# Task objective:
In the data below, locate the line containing "Geboorte Adriana van Merkenstein, 30-08-1816" and the line containing "Magyar Szó, 77.", then retype both and everything between them exactly. Pictures are not part of the copy.

# Source material:
· · · ·

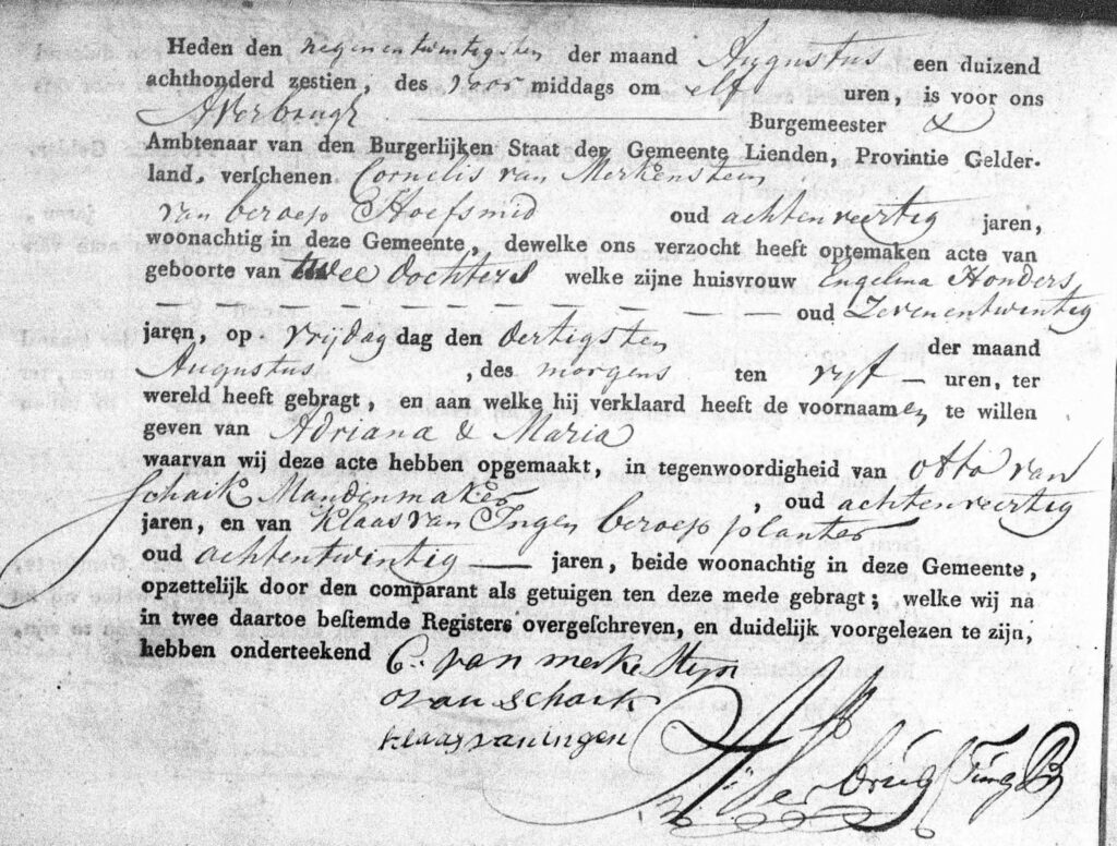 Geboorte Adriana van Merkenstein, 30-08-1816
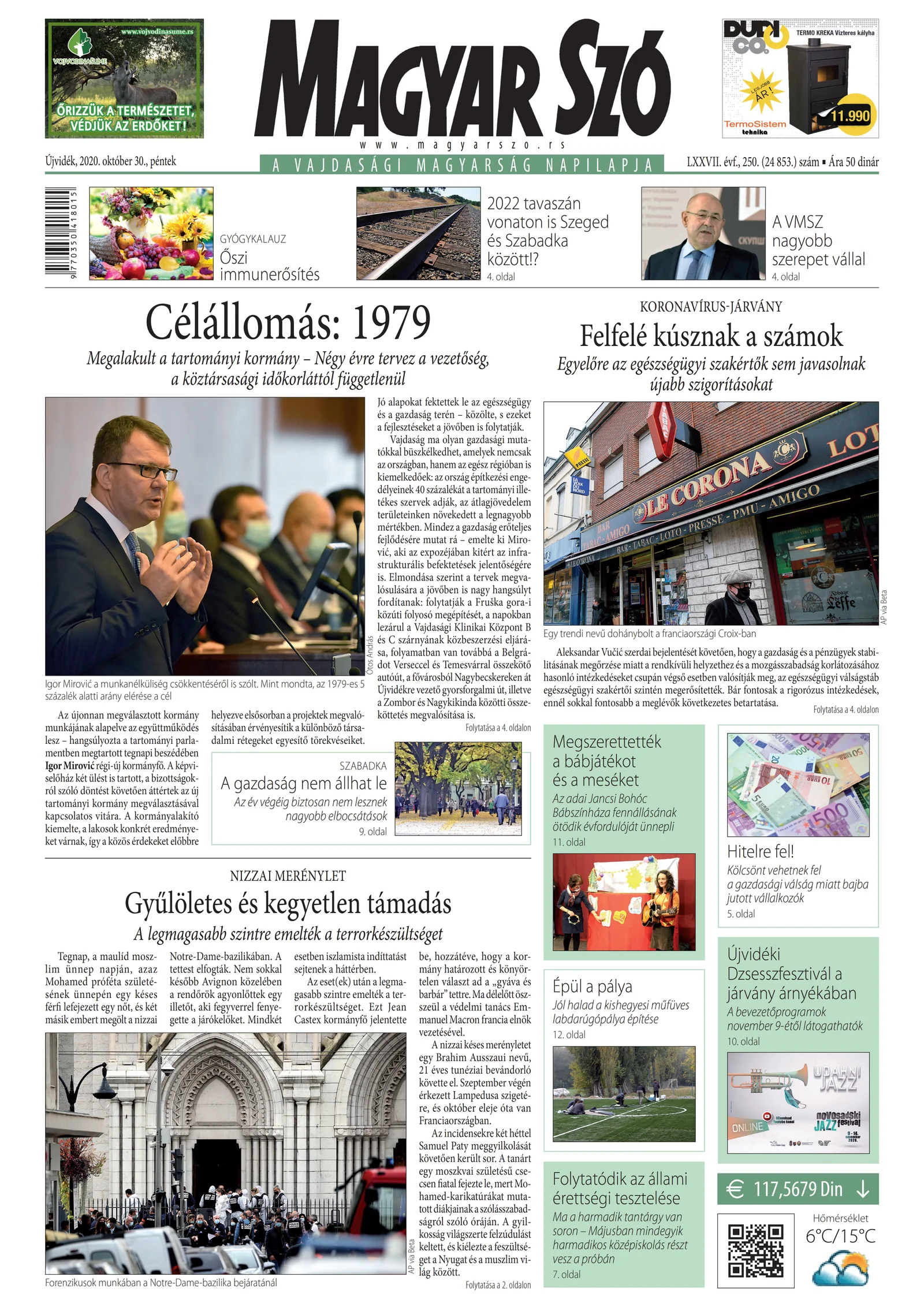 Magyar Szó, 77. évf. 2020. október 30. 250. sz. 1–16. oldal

· · · ·

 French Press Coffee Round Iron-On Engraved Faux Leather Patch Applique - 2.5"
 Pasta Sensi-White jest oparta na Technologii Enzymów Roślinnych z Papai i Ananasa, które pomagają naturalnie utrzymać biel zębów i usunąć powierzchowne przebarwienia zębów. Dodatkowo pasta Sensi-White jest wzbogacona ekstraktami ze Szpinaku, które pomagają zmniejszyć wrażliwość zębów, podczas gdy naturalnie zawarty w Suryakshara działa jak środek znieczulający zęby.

· · · ·

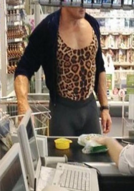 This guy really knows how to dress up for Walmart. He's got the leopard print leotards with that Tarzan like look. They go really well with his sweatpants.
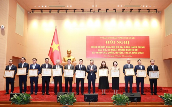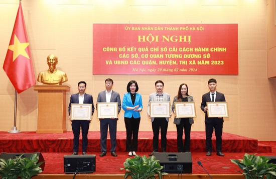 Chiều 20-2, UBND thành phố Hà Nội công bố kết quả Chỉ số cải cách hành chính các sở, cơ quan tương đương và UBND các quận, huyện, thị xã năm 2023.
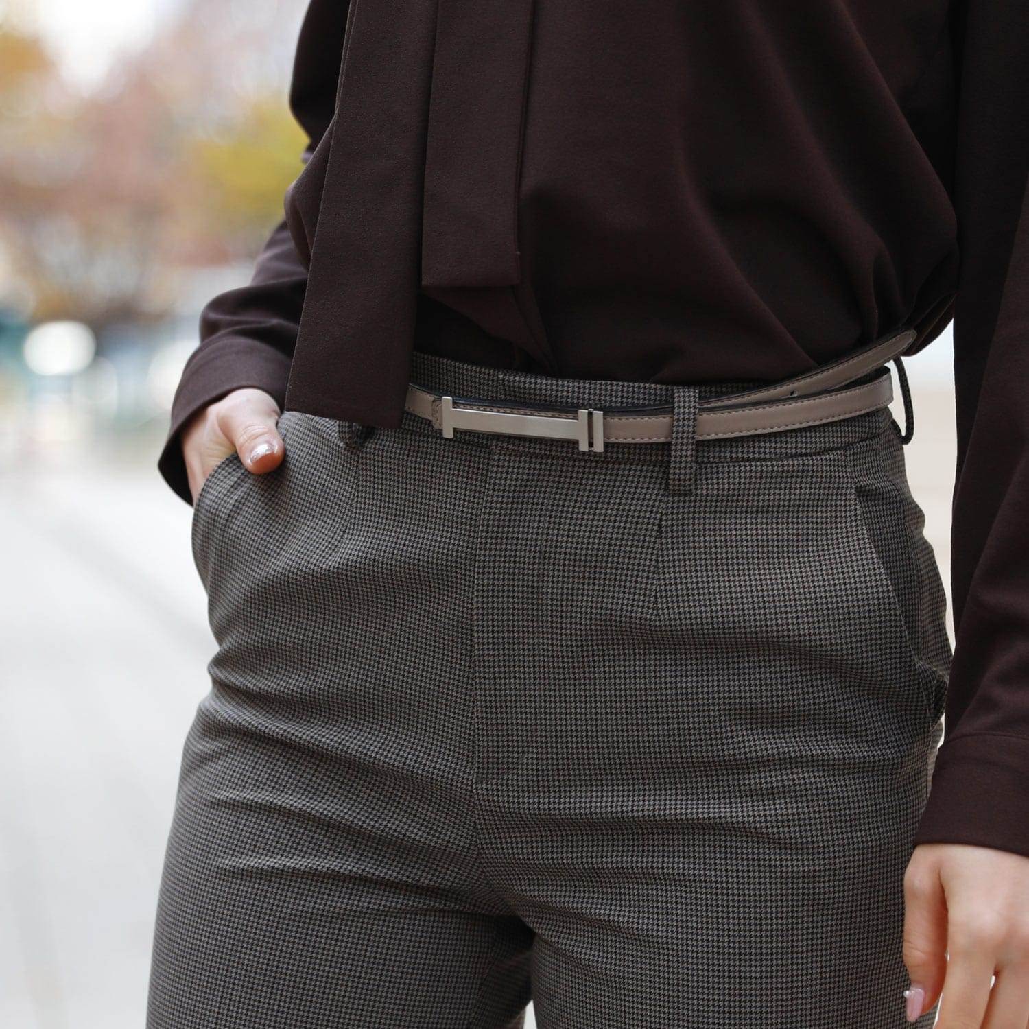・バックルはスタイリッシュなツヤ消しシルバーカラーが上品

· · · ·

# Output:
 Geboorte Adriana van Merkenstein, 30-08-1816
 Magyar Szó, 77. évf. 2020. október 30. 250. sz. 1–16. oldal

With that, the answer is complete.